You see, in the future of tomorrow’s today, we’re visioneering. You can do banking with a flicker of your eye, communicate with your dead loved ones with incoherent AI that regurgitates gibberish that sounds nothing like them, and record audio with your mind before it’s swiftly forgotten unless you order our memory-enhancement supplements—be sure to sign up for a subscription, fam, for the best deal and assurance you’ll never run out, lest all your cherished memories be erased. Memories are content, and content is here for its coronation, baby. After all, we once hosted French kings, so we’re an authority in telling you there’s a new king in town, and that king is content, beautiful, sweet, sweet content—oh, content, my love, how I long for thee, how my aching loins quiver for thy sweet embrace.
The Mona Lisa is content. The Venus de Milo is content. Twelve-Thousand-Pound Kissing Cousins in Bitchin’ Monster Trucks is content. Pimple Lickers is content. Big Azz Alligators is content. Big Azz Alligators vs. Son of Mecha-Tetrahedron is content. Big Azz Alligators vs. Existential Ennui is content. The Raft of the Medusa is content. The Sleeping Hermaphroditus is banned in Florida.

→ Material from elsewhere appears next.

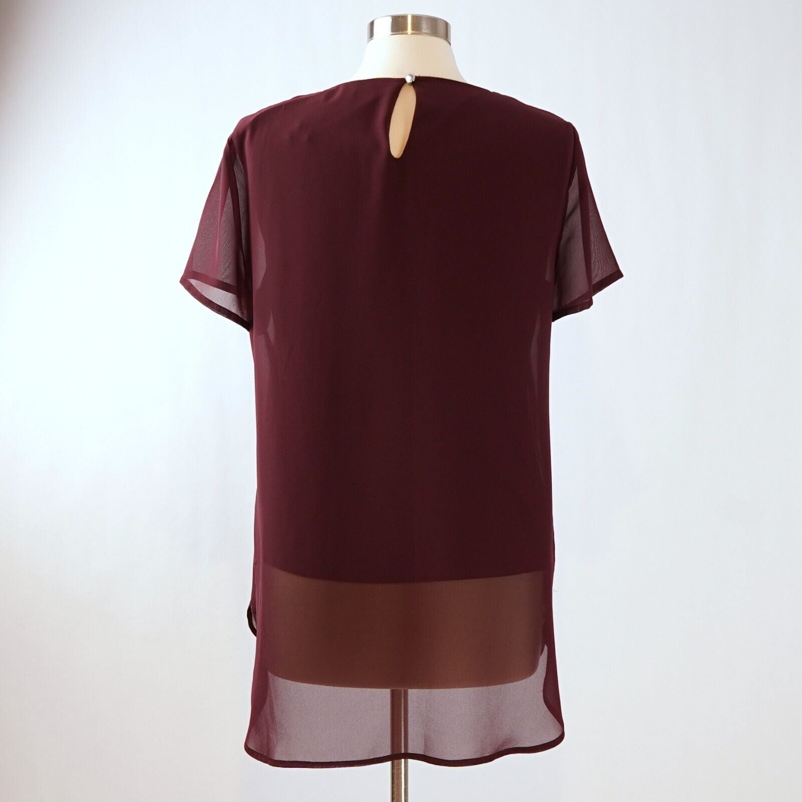 Vince Camuto Sheer Layered Burgundy Short Sleeve Blouse - M

Our brand is globally recognized, trusted, envied, admired, celebrated, festooned with countless accolades, and worth more than Scrooge McDuck had in his golden swimming pool. So that’s why we’re arbitrarily changing it to some random crap for inscrutable and head-scratching reasons. We’re now UVR. Is that an acronym? Maybe. Is it a meaningless assemblage of letters? Perhaps. Is it memorable? Searchable? Do we even own the IP? I’m not telling. Doesn’t UVR already mean “ultraviolet radiation”? Won’t that just confuse people? Shut up, nerd.
Here at UVR, we’re all about taking something you somewhat enjoy, or at least at one point might have enjoyed, and ruining it for everyone out of spite, just because we can. The near-infinite amount of mockery you’re subjecting us to won’t deter us. Nothing can deter us. We’re too strong and powerful. We get so many visitors you can’t shift your balance to the other foot without bumping into someone. We got this on lock.
What, you’re going to go to the Paris Polytechnic College of Louche Day Drinking and the Butter Arts campus gallery where little François drew a still-life of a freaking croissant and a sketch of his cat with laser eyes? I don’t think so. Go ahead and mock us. It just makes us stronger and angrier. You won’t like us when we’re angry. As you see, that’s one of the many synergistic crossovers we can unleash now that we’ve evolved into a twenty-first-century content interactivity pioneer where you can come for ideation, inspiration, soul-crushing despair, incongruent financial services, completely redundant messaging, auto loans, home security, fitness trackers, digital assistants, digital overlords, low-budget shows that don’t pay union-negotiated residuals, and perhaps even paintings, the original analog NFTs for the retro-nostalgia generation, which remains a key demographic for at least the next few fiscal quarters.
We’ll be your one-stop shop for the visual, paravisual, conceptual, reconceptual, and accumulating fat stacks with crypto and AI-generated blockchain pea soup solutions in the metaverse, y’all. We’re a focused brand that knows exactly what we are and exactly what our consumers want, and that’s why we’re proud to step into the future of unbridled contenticity. Sign up today, and we’ll throw in unlimited streaming of Mona Lisa Smile, a Venti Odalisque, and nebulous features we won’t even bother to explain since we don’t have to.
UVR goes beyond the tired museum interface of the past. UVR is the future. UVR is everyone’s future in ways you could never even conceive, and we already assassinated all the time travelers who tried to stop us thirty-five minutes ago.